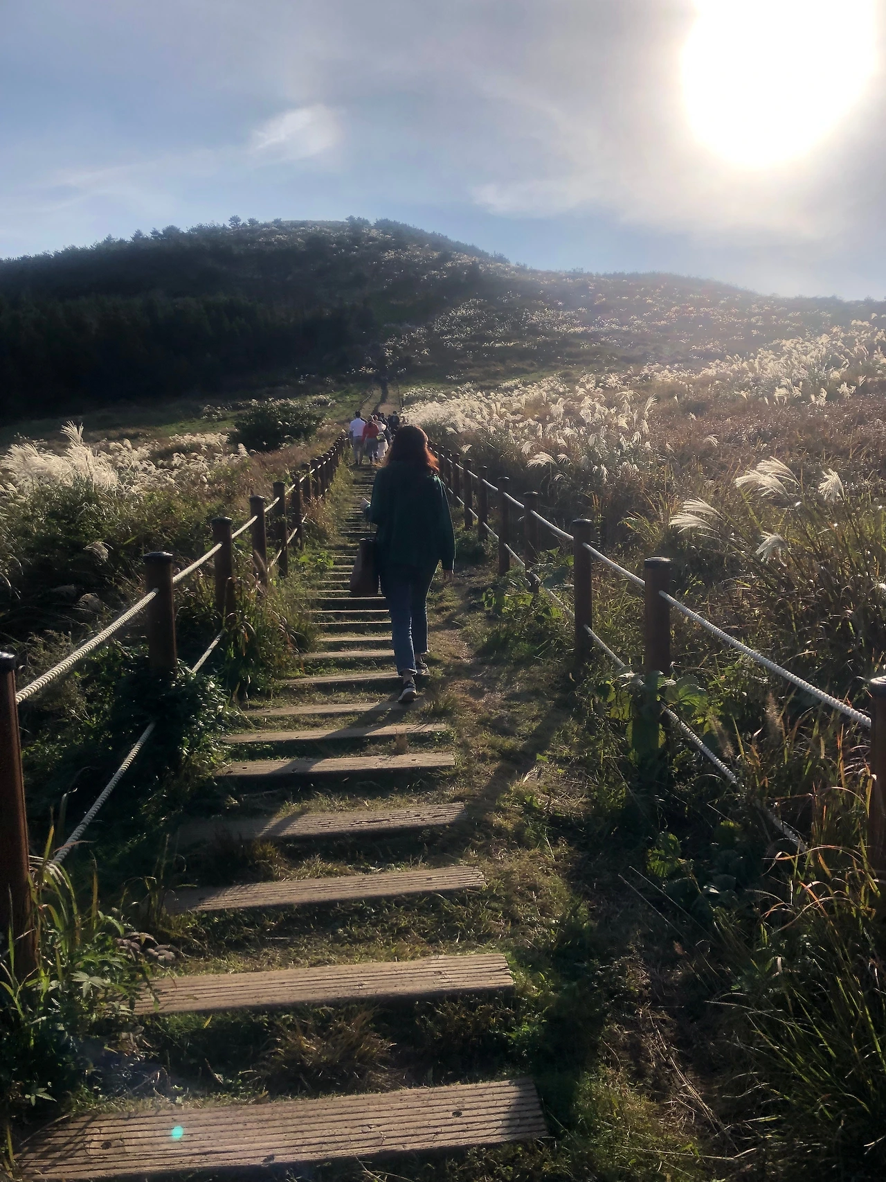 약초가 많아 백약(百藥)이오름이라는데 식알못인 내가 약초를 알아볼 수는 없었지만, 억새와 수크령과 이름 모를 들꽃들로부터 거센 바람에 연약하게 휘날릴지언정 결코 부러지지 않는 강인함, 그리고 꺾이지 않는 유연함으로 올곧게 스스로를 지켜내는 지혜를 배운다.
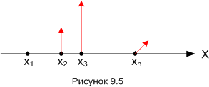 Если вы осилили предыдущие части, то некоторое представление о том, что такое квантовое состояние у вас уже имеется. Попробуем же превратить это смутное представление в чёткое понимание. Для начала уточним, что понимается под физическим состоянием в классической физике. Состояние – это некоторый набор значений физических величин, связанных с объектом. Обычно, говоря о физическом состоянии объекта, мы не рассматриваем все физические величины сразу. Например, если мы говорим о положении объекта в пространстве, то нам достаточно знать три числа, а именно, значения трёх физических величин: координат объекта X, Y, Z в заданной системе отсчёта. Во всяком случае, когда речь идёт об объекте типа «материальная точка». Или вообще нас может интересовать только одно число: значение координаты - X. Это будет «координатное представление» физического состояния. В других задачах нас может интересовать не координата, а импульс частицы (импульс, напомню, это произведение скорости объекта на его массу). Тогда мы будем рассматривать состояние объекта в «импульсном представлении». Опять же, импульс в трёхмерном пространстве – это трёхмерный вектор. Он задаётся тремя числами: проекциями вектора импульса P на координатные оси X, Y, Z, но если мы говорим о движении точки вдоль оси X, то состояние в импульсном представлении полностью определяется одним числом – Px, то есть проекцией вектора импульса P на ось X. Или, если говорить компактнее – X -компонентой вектора P. Надеюсь, понятно, но резюмирую. Состояние всегда рассматривается в каком-то представлении. Представление – это ограниченный набор физических величин. А состояние – это соответствующий набор конкретных значений этих величин. В классической физике обычно слово «представление» не используют. Просто говорят что-то вроде: «X = 10». Тут тебе и представление (координата X) и состояние (значение координаты X), как говорится, «в одном флаконе». Теперь попробуем осилить «квантовое состояние». Мы говорили, что квантовая реальность – это бесконечная совокупность одновременно существующих виртуальных вариантов. Каждый отдельный виртуальный вариант можно рассматривать как виртуальное классическое состояние, стало быть, квантовое состояние – это совокупность бесконечного числа виртуальных классических состояний. Чтобы лучше уяснить смысл этого утверждения, давайте посмотрим, как выглядит квантовое состояние частицы в координатном представлении. Для простоты будем рассматривать только одну координату – X. Классическое состояние в координатном представлении в какой-то момент времени можно представить себе как точку на координатной оси X. На рисунке 9.1 это точка x1.
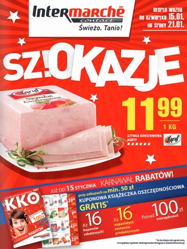 {loadposition linkIntermarche} Nowa gazetka promocyjna sieci handlowej Intermarche - "Sz!okazje". Polecane promocje z gazetki Intermarche: Szynka konserwowa Agryf 1 kg - 11,99 zł. Pasta do zębów Colodent 100 ml - 2,99 zł. Płyn do mycia naczyń Apta 1 L…
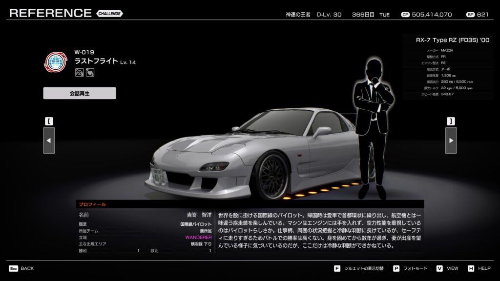 世界を股にかける国際線のパイロット。帰国時は愛車で首都高に繰り出し、航空機とは一味違う疾走感を楽しんでいる。マシンはエンジンには手を入れず、空力性能を重視しているのはパイロットらしさか。 仕事柄、周囲の状況把握と冷静な判断に長けているが、セーフティに走りすぎるためバトルでの勝率は高くない。身を固めてから数年が過ぎ、妻が出産を望んでいる様子に気づいているのだが、ここだけは冷静な判断ができかねている。
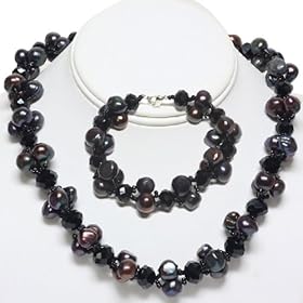 Pearl Freshwater Cultured Black Necklace Bracelet Dangle Earring Set 15 inches Silver Clasp Bucasi: Jewelry
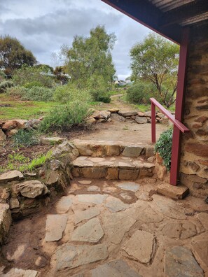 Front door entry leads into the main room, a cosy living/dining area, containing a combustion wood fire. With vaulted pine ceiling, slate floor and mud brick walls, a lovely warm space greets you. The kitchenette is very well equipped with eating space for two, basic pantry staples (oils, herbs/spices, tea/coffee, milk) kitchenware and cooking equipment (toaster, kettle, espresso machine, frypans, saucepans, electric grill and frypan and slow cooker. Included in your stay are cooked breakfast provisions sufficient (at least) for your first morning - homemade bread and jam, juice, home grown eggs, sausages, bacon, tomatoes, mushrooms and baked beans. Either a regular or vegetarian option can be requested. There is also a WeberQ located on the front verandah.
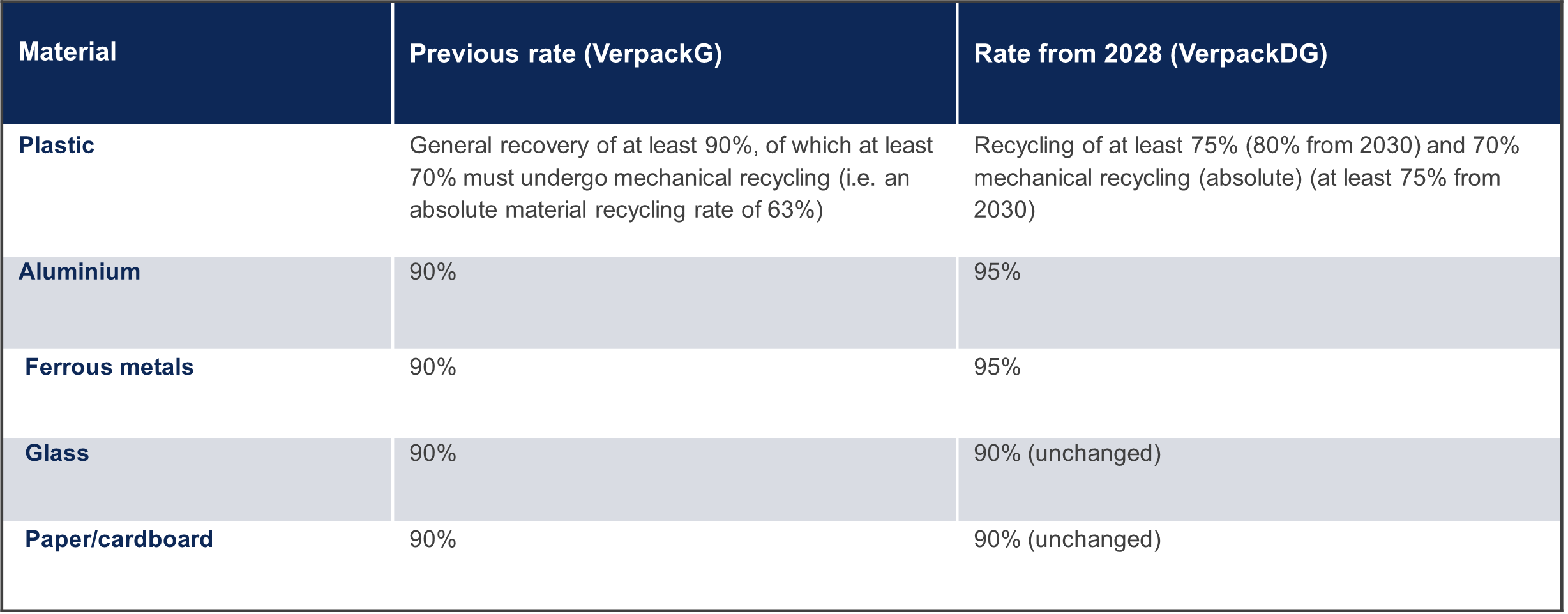 The VerpackDG raises the recycling rates for certain packaging materials. The systems must meet the following minimum rates (in percent by mass) from 2028:
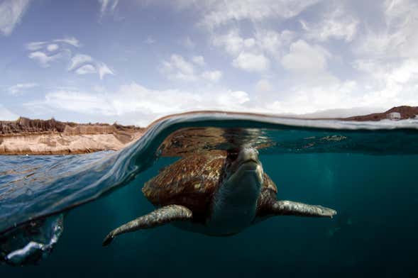 At 9 am, we'll meet at the Port of Las Galletas and board a Zodiac-type boat. The boat will take us to an area where we can snorkel and observe sea turtles.

········

YOUR TASK —
A word-for-word copy of all the data is required, minus the pictures.

WRITTEN RESPONSE —
 약초가 많아 백약(百藥)이오름이라는데 식알못인 내가 약초를 알아볼 수는 없었지만, 억새와 수크령과 이름 모를 들꽃들로부터 거센 바람에 연약하게 휘날릴지언정 결코 부러지지 않는 강인함, 그리고 꺾이지 않는 유연함으로 올곧게 스스로를 지켜내는 지혜를 배운다.
 Если вы осилили предыдущие части, то некоторое представление о том, что такое квантовое состояние у вас уже имеется. Попробуем же превратить это смутное представление в чёткое понимание. Для начала уточним, что понимается под физическим состоянием в классической физике. Состояние – это некоторый набор значений физических величин, связанных с объектом. Обычно, говоря о физическом состоянии объекта, мы не рассматриваем все физические величины сразу. Например, если мы говорим о положении объекта в пространстве, то нам достаточно знать три числа, а именно, значения трёх физических величин: координат объекта X, Y, Z в заданной системе отсчёта. Во всяком случае, когда речь идёт об объекте типа «материальная точка». Или вообще нас может интересовать только одно число: значение координаты - X. Это будет «координатное представление» физического состояния. В других задачах нас может интересовать не координата, а импульс частицы (импульс, напомню, это произведение скорости объекта на его массу). Тогда мы будем рассматривать состояние объекта в «импульсном представлении». Опять же, импульс в трёхмерном пространстве – это трёхмерный вектор. Он задаётся тремя числами: проекциями вектора импульса P на координатные оси X, Y, Z, но если мы говорим о движении точки вдоль оси X, то состояние в импульсном представлении полностью определяется одним числом – Px, то есть проекцией вектора импульса P на ось X. Или, если говорить компактнее – X -компонентой вектора P. Надеюсь, понятно, но резюмирую. Состояние всегда рассматривается в каком-то представлении. Представление – это ограниченный набор физических величин. А состояние – это соответствующий набор конкретных значений этих величин. В классической физике обычно слово «представление» не используют. Просто говорят что-то вроде: «X = 10». Тут тебе и представление (координата X) и состояние (значение координаты X), как говорится, «в одном флаконе». Теперь попробуем осилить «квантовое состояние». Мы говорили, что квантовая реальность – это бесконечная совокупность одновременно существующих виртуальных вариантов. Каждый отдельный виртуальный вариант можно рассматривать как виртуальное классическое состояние, стало быть, квантовое состояние – это совокупность бесконечного числа виртуальных классических состояний. Чтобы лучше уяснить смысл этого утверждения, давайте посмотрим, как выглядит квантовое состояние частицы в координатном представлении. Для простоты будем рассматривать только одну координату – X. Классическое состояние в координатном представлении в какой-то момент времени можно представить себе как точку на координатной оси X. На рисунке 9.1 это точка x1.
 {loadposition linkIntermarche} Nowa gazetka promocyjna sieci handlowej Intermarche - "Sz!okazje". Polecane promocje z gazetki Intermarche: Szynka konserwowa Agryf 1 kg - 11,99 zł. Pasta do zębów Colodent 100 ml - 2,99 zł. Płyn do mycia naczyń Apta 1 L…
 世界を股にかける国際線のパイロット。帰国時は愛車で首都高に繰り出し、航空機とは一味違う疾走感を楽しんでいる。マシンはエンジンには手を入れず、空力性能を重視しているのはパイロットらしさか。 仕事柄、周囲の状況把握と冷静な判断に長けているが、セーフティに走りすぎるためバトルでの勝率は高くない。身を固めてから数年が過ぎ、妻が出産を望んでいる様子に気づいているのだが、ここだけは冷静な判断ができかねている。
 Pearl Freshwater Cultured Black Necklace Bracelet Dangle Earring Set 15 inches Silver Clasp Bucasi: Jewelry
 Front door entry leads into the main room, a cosy living/dining area, containing a combustion wood fire. With vaulted pine ceiling, slate floor and mud brick walls, a lovely warm space greets you. The kitchenette is very well equipped with eating space for two, basic pantry staples (oils, herbs/spices, tea/coffee, milk) kitchenware and cooking equipment (toaster, kettle, espresso machine, frypans, saucepans, electric grill and frypan and slow cooker. Included in your stay are cooked breakfast provisions sufficient (at least) for your first morning - homemade bread and jam, juice, home grown eggs, sausages, bacon, tomatoes, mushrooms and baked beans. Either a regular or vegetarian option can be requested. There is also a WeberQ located on the front verandah.
 The VerpackDG raises the recycling rates for certain packaging materials. The systems must meet the following minimum rates (in percent by mass) from 2028:
 At 9 am, we'll meet at the Port of Las Galletas and board a Zodiac-type boat. The boat will take us to an area where we can snorkel and observe sea turtles.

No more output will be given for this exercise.